From the L.A. Times:

Whooping cough is now at epidemic levels in California and the state could record the highest number of illnesses and death due to the disease in 50 years, the state’s top health official said Wednesday.

Reported cases of whooping cough, also known as pertussis, have quadrupled over the same time period last year, said Dr. Mark Horton, director of the California Department of Public Health. Five infants — all under 3 months — have died, including two in Los Angeles County and one in San Bernardino County.

Whooping cough is a bacterial disease that infects the respiratory system. There have been 910 confirmed cases of the highly contagious disease in California between Jan. 1 and June 15. During the same time last year, 219 cases were confirmed.

An additional 600 possible cases are being investigated.

L.A. County has reported 148 suspected pertussis cases, said Director of Public Health Jonathan Fielding. He urged infants’ relatives and caregivers to get a booster shot.

Vaccination only works if there are enough people immune to break the cycle of infection. Here’s a related story from last year:

Tamaulipas health officials are reporting that two babies have died from whooping cough south of the border.

The MetroNoticias de Tamaulipas newspaper reported that health officials are investigating how the children contracted the disease.

Several cases of the deadly disease have recently reported among children along the Mexican side of the border.

The Tamaulipas Healthy Ministry told MetroNoticias that the two babies who died were from the border cities of Rio Bravo and Nuevo Laredo.

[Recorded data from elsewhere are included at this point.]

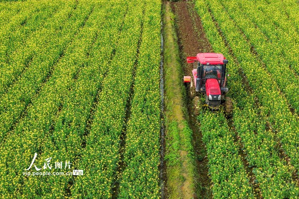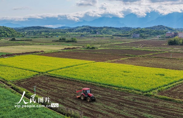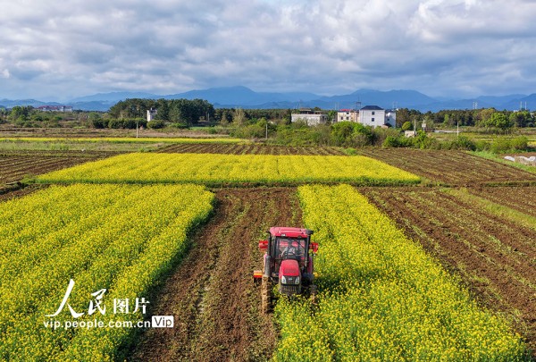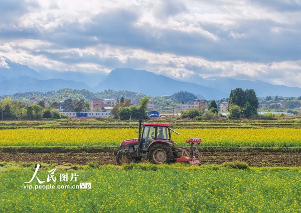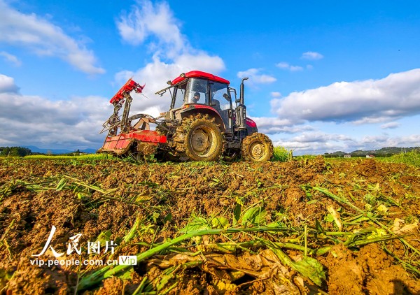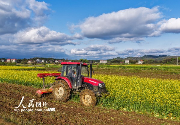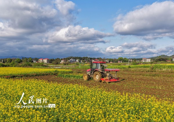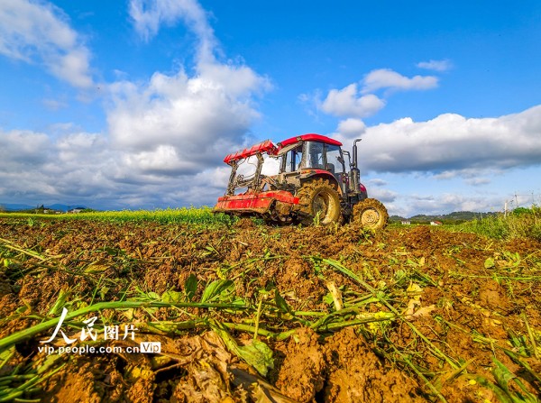 2026年3月31日,在湖南永州道县寿雁镇水源头村,农民正驾驶农机翻耕农田。蒋克青摄(人民图片网)
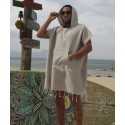 Poncho de plage en nid d'abeille à capuche pour adulte couleur grège
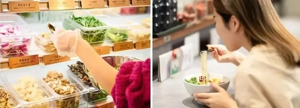 七宝麻辣湯の大きな特徴はカスタマイズの自由度です。プレスリリースによれば、50種類以上のトッピング、5種類の麺、6種類のスープ、辛さは0〜10辛まで選択可能で、組み合わせにより多様な一杯が作れるように設計されています。
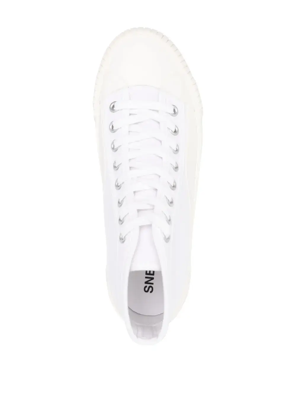 Белый, парусина, строчка в тон, шнуровка спереди, миндалевидный носок, стелька с логотипом и плоская резиновая подошва.

Rio Bravo is located cross the Rio Grande River from Donna, Texas.

I think that it is a bad idea to have illegal immigrants carrying unknown diseases mixing freely in public places with the immunocompromised and with children whose parents have refused to vaccinate them due to their belief that vaccination is worse than the diseases they are supposed to prevent, but that’s just me. Draw your own conclusions.